Et ce, en dépit des faits…

EN DIRECT. Marlène Schiappa (@MarleneSchiappa) est l’invitée de #BourdinDirect https://t.co/6XwMEyploE
— BFMTV (@BFMTV) September 3, 2019

Marlène Schiappa compte large

En ce jour de lancement du " Grenelle des violences conjugales ", la ministre " féministe " a assuré que les montants consacrés à la lutte contre les violences conjugales étaient " exactement pareils " des deux côtés des Pyrénées.

Or, l’Espagne fait référence sur le sujet puisqu’elle consacre chaque année plus de 200 millions d’euros à cette cause.

Et Marlène Schiappa d’asséner ce chiffre : " En France, c’est 530 millions d’euros par an ".

2,650 milliards à l’échelle du quinquennat, donc ?

Mais alors, la France ferait même mieux que l’Espagne ?

En vérité, il s’agit là du budget… de l’ensemble du secrétariat d’État à " l’Égalité entre les femmes et les hommes ".

Un coup d’esbrouffe un peu trop voyant, si bien que la secrétaire d’État, pressée par son intervieweur, doit de fait préciser que " c’est 530 millions d’euros par an sur l’égalité entre les femmes et les hommes ".

Et combien alors, spécifiquement, pour la lutte contre les violences faites aux femmes ?

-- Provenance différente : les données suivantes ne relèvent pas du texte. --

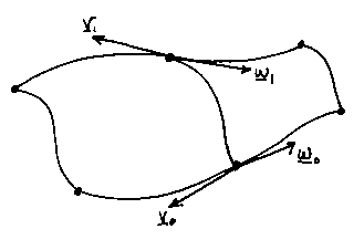 The curves and points may well come from other parts of the geometric model that we want to match (say fuselage data if we're sticking a wing on, or whatever). Alternatively, we can, for example, define four cubic curves by locating the points p wherever we want, and then specifying gradient vectors that we want the surface to have in the s and t directions. (See the end of this chapter for more details of this.)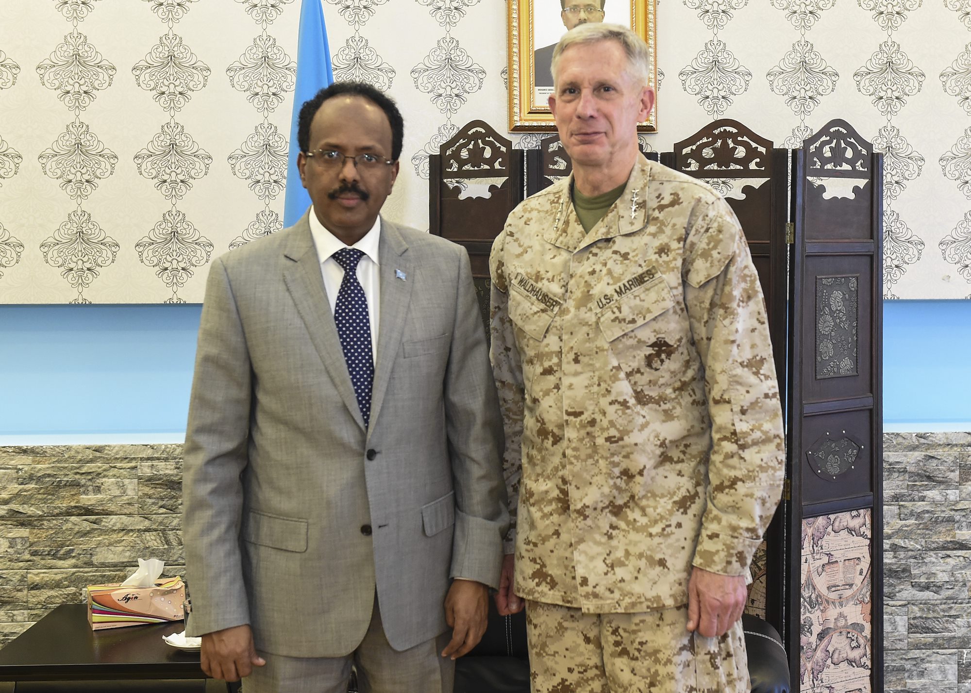 Somalia President Mohamed Abdullahi Mohamed and U.S. Marine Corps Gen. Thomas Waldhauser, U.S. Africa Command commander, pose for a photo in Mogadishu, Somalia, Oct. 12, 2017. Waldhauser and Martin Dale, the Chargé d’Affaires of the U.S. Mission to Somalia, along with other senior U.S. military and Department of State leaders, visited Somalia to engage with key Somalia stakeholders and express the U.S. government’s commitment to the security and stability of the Federal Government of Somalia, Somali National Security Forces, and the African Union Mission in Somalia. (U.S. Air Force photo by Staff Sgt. Eboni Prince)

" Il y a deux modes de calcul différents, répond Marlène Schiappa. Il y a celui qui prend en compte uniquement les subventions attribuées aux associations. Ça, ça a augmenté de 30 % ", assure-t-elle.

" Mais est-ce que dans ce pays, on peut considérer qu’il n’y a que les associations qui soutiennent les femmes victimes de violence ? Non. (…) Donc c’est improbable de faire des calculs en prenant uniquement en compte les subventions "., complète-t-elle.

Certes, mais il n’en reste pas moins que lesdites subventions n’atteignent, pour 2019, que 79 millions d’euros.

" Il n’y a pas d’argent magique ", lâche la secrétaire d’État.

Mais en quoi brandir les 530 millions d’euros de budget de son portefeuille gouvernemental serait-il pertinent ?

Faute d’avancer un chiffre plus précis, Marlène Schiappa, dégaine une explication théorique : « Ce n’est pas que je ne sais pas, c’est qu’il faut arrêter de penser comme ça. C’est exactement ça qui fait que l’on n’avance pas sur l’égalité femmes hommes, c’est que tout le monde pense " en silos " », plaide-t-elle.

" On pense qu’il y aurait d’un côté les inégalités de salaires, de l’autre le harcèlement sexuel, par exemple. (…) Quand on lutte pour l’égalité salariale, on lutte aussi contre le harcèlement sexuel ".

Et contre " l’enfumage ", c’est pour quand ?

" Pas de milliard " en Espagne, vraiment ?

La secrétaire d’État ne s’arrête pas là dans sa lutte " pro domo " pour des chiffres avantageant son action, y ajoutant une relativisation de l’effort espagnol.

D’après elle, le fameux milliard d’euros de budget de nos voisins, réclamé chez nous par les associations féministes, n’existe pas : " C’était un engagement théorique des partis politiques, même Mariano Rajoy, qui n’est pas un féministe radical, le dit : il n’y a pas eu un milliard ", soutient Marlène Schiappa, dénonçant " de fausses informations ".

Ce milliard existe pourtant bel et bien, comme l’ont rappelé nos confrères de " Libération " : en juillet 2017, le parlement et les collectivités locales espagnols ont conclu un « pacte d’État » contre la « violence de genre » incluant " 200 mesures éducatives, sociales, judiciaires et sécuritaires ", avec un budget de 200 millions d’euros par an sur cinq ans, soit un milliard au total.

En outre, ce budget a été augmenté de 20 millions d’euros pour l’année 2019.

En deux ans, l’État espagnol a déjà mis sur la table 420 millions d’euros.

Une politique qui porte ses fruits : de 71 femmes tuées par leur conjoint en 2003, l’Espagne est passée à 47 victimes en 2018.

Selon le décompte du collectif " NousToutes ", la France a passé ce dimanche la barre des 100 " féminicides ".

Pour l’année 2017, quatre fois plus de plaintes ont été déposées chez nos voisins, et l’Espagne délivre trois fois plus " d’ordonnances de protection " que la France chaque année, comme le reconnaissait en juillet dernier notre ministre de la Justice, Nicole Belloubet.

Pas " exactement pareil ", n’en déplaise à Marlène Schiappa.